Neurobiology of Disease (Jul 2004)
Protective potential of experimental autoimmune myasthenia gravis in Lewis rats by IL-10-modified dendritic cells
Abstract
Dendritic cells (DC) are usually regarded as antigen-presenting cells (APC) involved in T cell activation, but DC also directly or indirectly affect B cell function, antibody synthesis and isotype switch. In this study, we explore potential of DC-based immunotherapy in ongoing experimental autoimmune myasthenia gravis (EAMG) in Lewis rats, which is mediated by anti-acetylcholine receptor (AChR) antibodies. Spleen DC were isolated from onset of Lewis rat EAMG on day 39 post immunization (p.i.), exposed in vitro to IL-10 and then injected intraperitoneally into ongoing EAMG Lewis rats at dose of 1 × 106 cells/rat on day 5 p.i. with AChR + complete Freund's adjuvant. IL-10-modified DC resulted in lower clinical scores, less body weight loss, lower numbers of anti-AChR IgG antibody-secreting cells and lower affinity of anti-AChR antibodies in rats receiving IL-10-modified DC, accompanied with lower expression of CD80 and CD86 and lower lymphocyte proliferation among lymph node mononuclear cells compared with control EAMG rats.

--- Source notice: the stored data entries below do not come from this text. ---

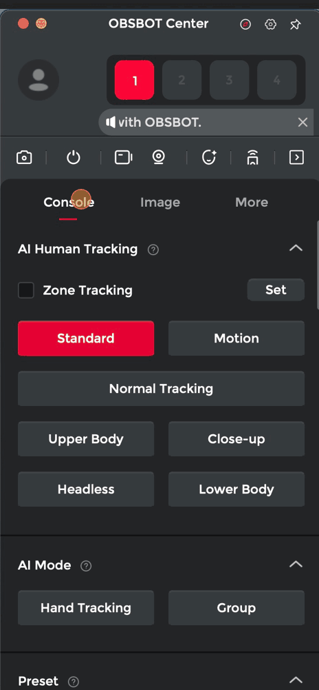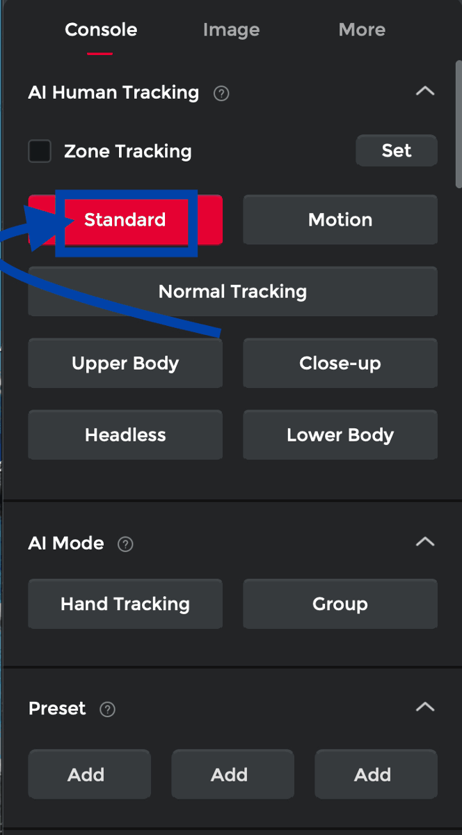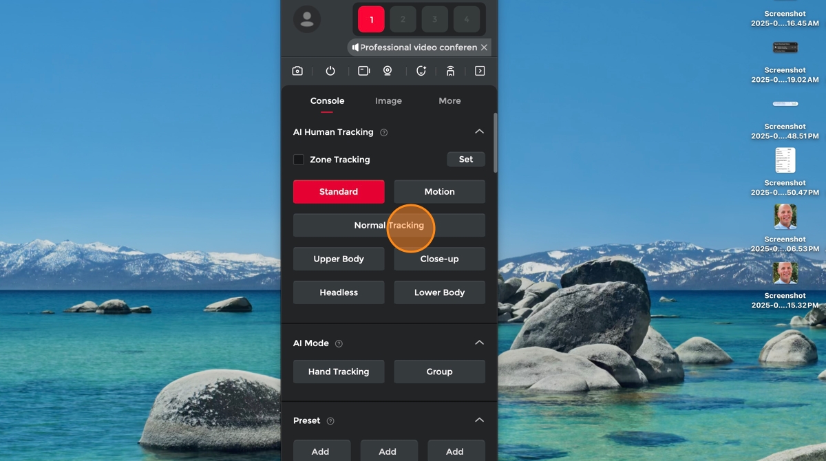 3. Click "Normal Tracking" to adjust the camera position then uncheck the button to station the camera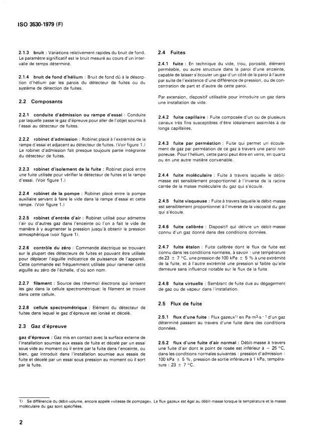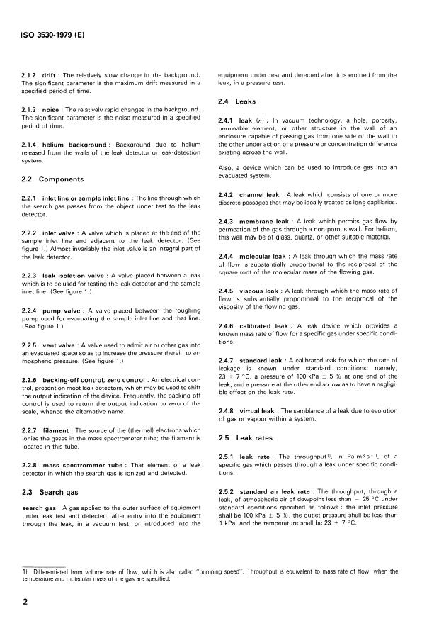 ISO 3530:1979 is a standard published by the International Organization for Standardization (ISO). Its full title is "Vacuum technology - Mass-spectrometer-type leak-detector calibration". This standard covers: Only leak detectors are described which have an integral high vacuum system to maintain the sensing element of the mass spectrometer at a low pressure. Two procedures are outlined, one to determine the minimum detectable leak rate and the other for determination of the minimum detectable concentration ratio.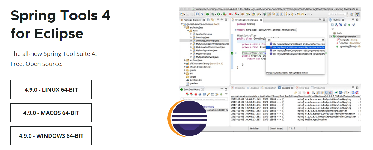 Largely rebuilt from scratch, Spring Tools 4 provides world-class support for developing Spring-based enterprise applications, whether you prefer Eclipse, Visual Studio Code, or Theia IDE.

Lower levels of IL-10 and IFN-γ were also found in the supernatants of AChR-stimulated lymph node MNC culture in rats receiving IL-10-modified DC. These results demonstrate that IL-10-modified DC induced hypo-responsiveness by down-regulating co-stimulatory molecules, and reduced production of anti-AChR antibodies possibly by inhibiting IL-10 production. Importantly, this procedure that autologous DC from EAMG were adopted to treat ongoing EAMG is more close to clinical trial in human, encouraging future evaluation in human myasthenia gravis.